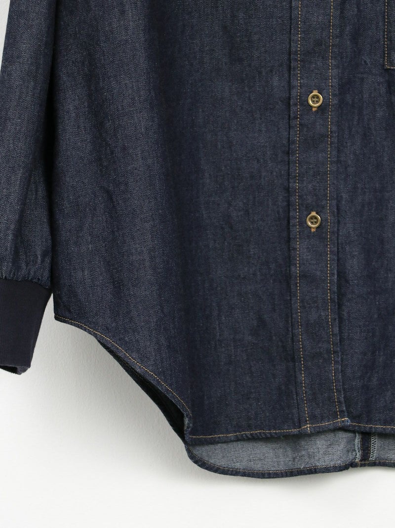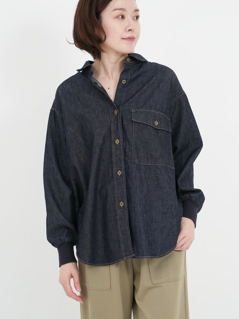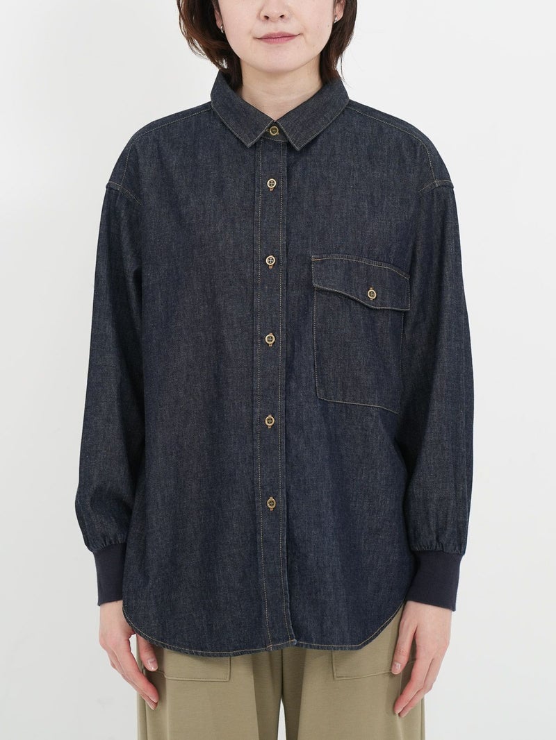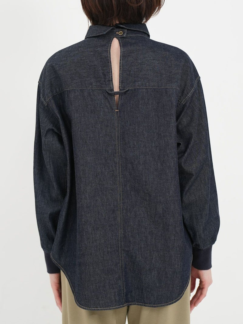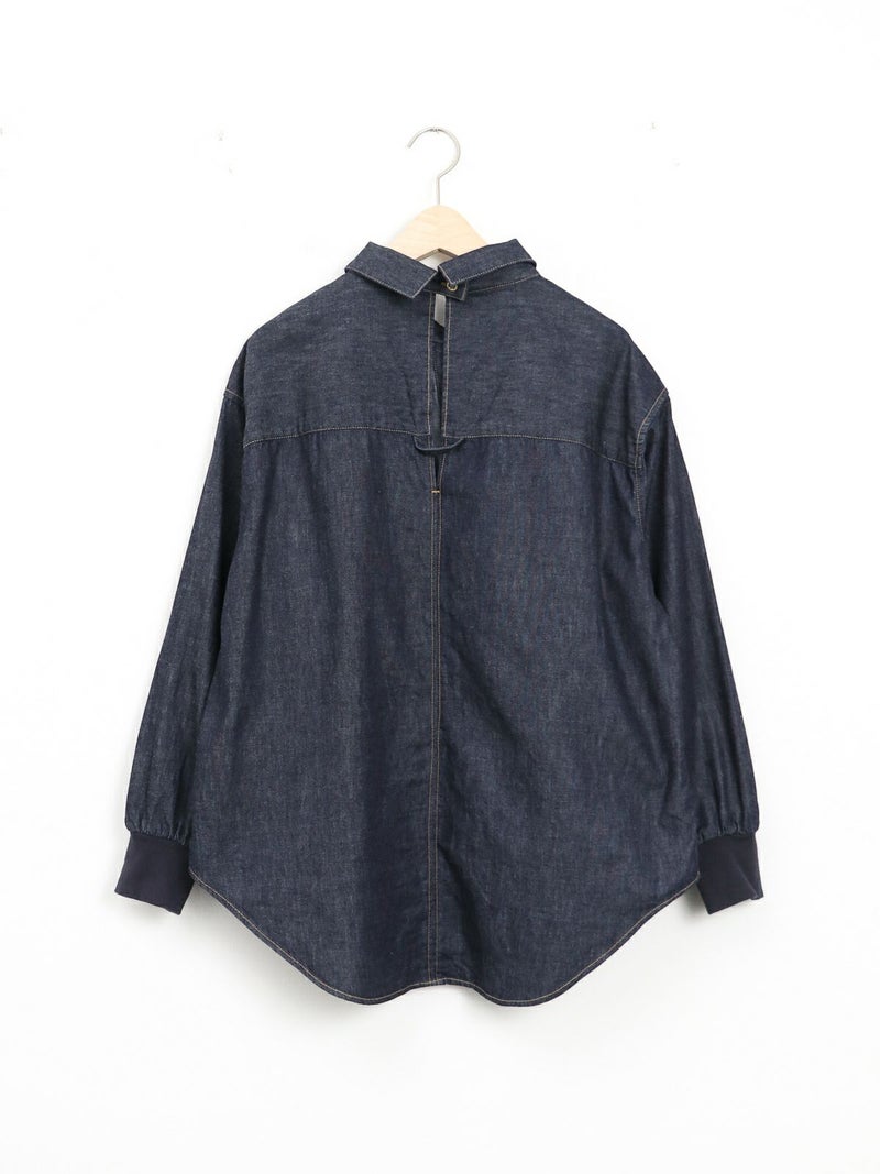 ロングセラーのデニムシャツを袖口リブ仕様にアレンジした6ozデニムシャツ。 程良くゆとりのあるサイジングでリラックスした雰囲気になります。後ろ衿をボタンで留めることによりスリットになり、カジュアル過ぎず女性らしさも演出できます。
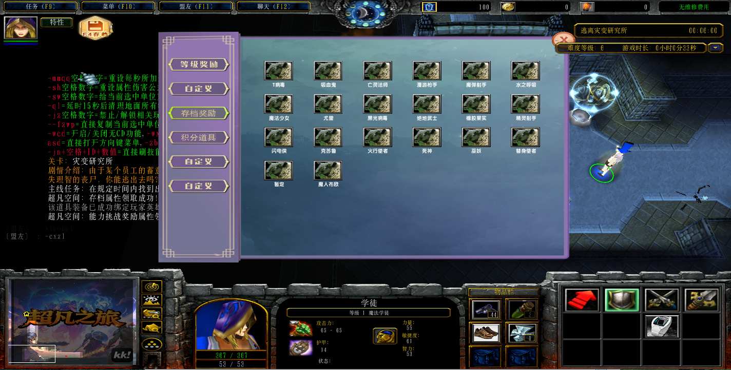 地图名字:超凡之旅1.0.40地图下载+全商城特权+全存档+隐藏英雄+无CD+指令功能
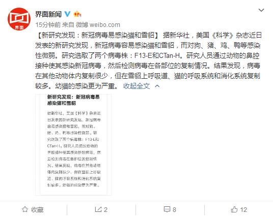 新研究发现:新冠病毒易感染猫和雪貂2020-04-10 12:44:29 微博4月10日讯据新华社,美国《科学》杂志近日发表的新研究发现,新冠
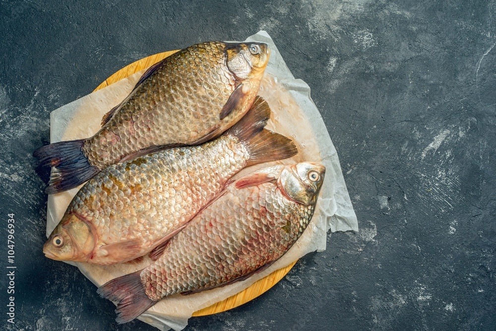 Three fresh carp on wooden board, top view, with copy space

# Problem to solve
Print the listing again exactly, please. Keep the pictures out of it.

# Reply
 ロングセラーのデニムシャツを袖口リブ仕様にアレンジした6ozデニムシャツ。 程良くゆとりのあるサイジングでリラックスした雰囲気になります。後ろ衿をボタンで留めることによりスリットになり、カジュアル過ぎず女性らしさも演出できます。
 地图名字:超凡之旅1.0.40地图下载+全商城特权+全存档+隐藏英雄+无CD+指令功能
 新研究发现:新冠病毒易感染猫和雪貂2020-04-10 12:44:29 微博4月10日讯据新华社,美国《科学》杂志近日发表的新研究发现,新冠
 Three fresh carp on wooden board, top view, with copy space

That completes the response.